Rudolph v. City of Birmingham

65 So. 1006, 188 Ala. 620, 1914 Ala. LEXIS 237
CourtSupreme Court of Alabama
DecidedJune 3, 1914
StatusPublished
Cited by9 cases

This text of 65 So. 1006 (Rudolph v. City of Birmingham) is published on Counsel Stack Legal Research, covering Supreme Court of Alabama primary law. Counsel Stack provides free access to over 12 million legal documents including statutes, case law, regulations, and constitutions.

Bluebook
Rudolph v. City of Birmingham, 65 So. 1006, 188 Ala. 620, 1914 Ala. LEXIS 237 (Ala. 1914).

Opinion

SAYRE, J.

Originally the bill in this case was filed by the city of Elyton against appellant, and sought a decree requiring appellant to remove certain obstructions alleged to have been maintained by him in a public street of the complaining municipality known as the “Georgia Road.” Some objections to the bill were disposed of in Rudolph v.
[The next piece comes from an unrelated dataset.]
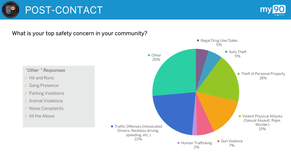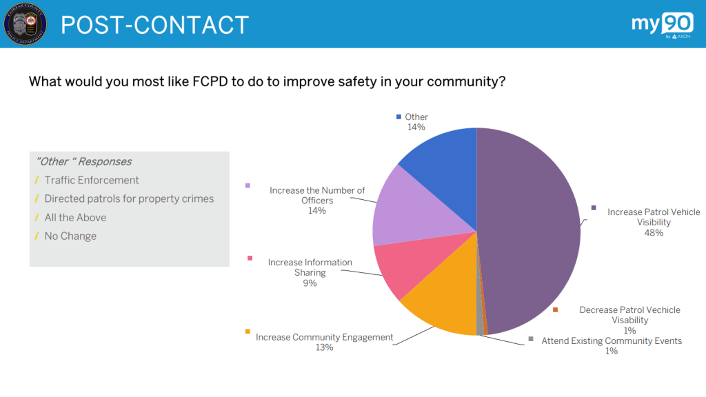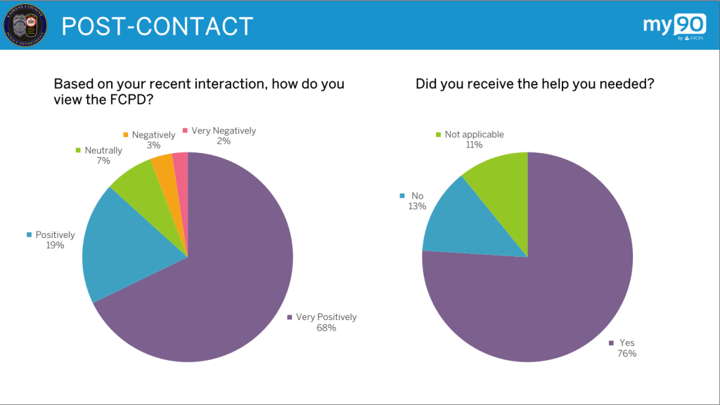 “My90 is one of many tools we use to engage with our community, better understand how the public feels about interactions with our department, and build trust,” said Chief Kevin Davis. “Since deploying My90, we have collected thousands of responses from all over Fairfax County and have the opportunity to review the valuable feedback we gain from community members we have just served.”

Elyton, 161 Ala. 525, 50 South. 80. Pending a final decree the city of Elyton became a [623]*623part of the city of Birmingham, after which the city of Birmingham moved the court to allow the cause to proceed in its name. It was so ordered, and appellant assigns the ruling for error. Ordinarily, if the entire interest of a sole complainant passes into another by assignment or otherwise, the benefit of the proceeding, when the assignee claims by a title that may be litigated, must be sought by an original bill in the nature of a supplemental bill or bill of revivor.—Sims’ Chan. Pr. § 617. But the Municipal Code Law provided differently for cases of the kind here shown. Dealing with the subject of the annexation and merger of contiguous municipalities, the Code provides that: “All suits pending-in any court on behalf of any city or town so absorbed, or whose government is extinguished, may be prosecuted or defended in the name .of the city or town whose boundary lines shall be so altered or rearranged.” — Code, § 1159.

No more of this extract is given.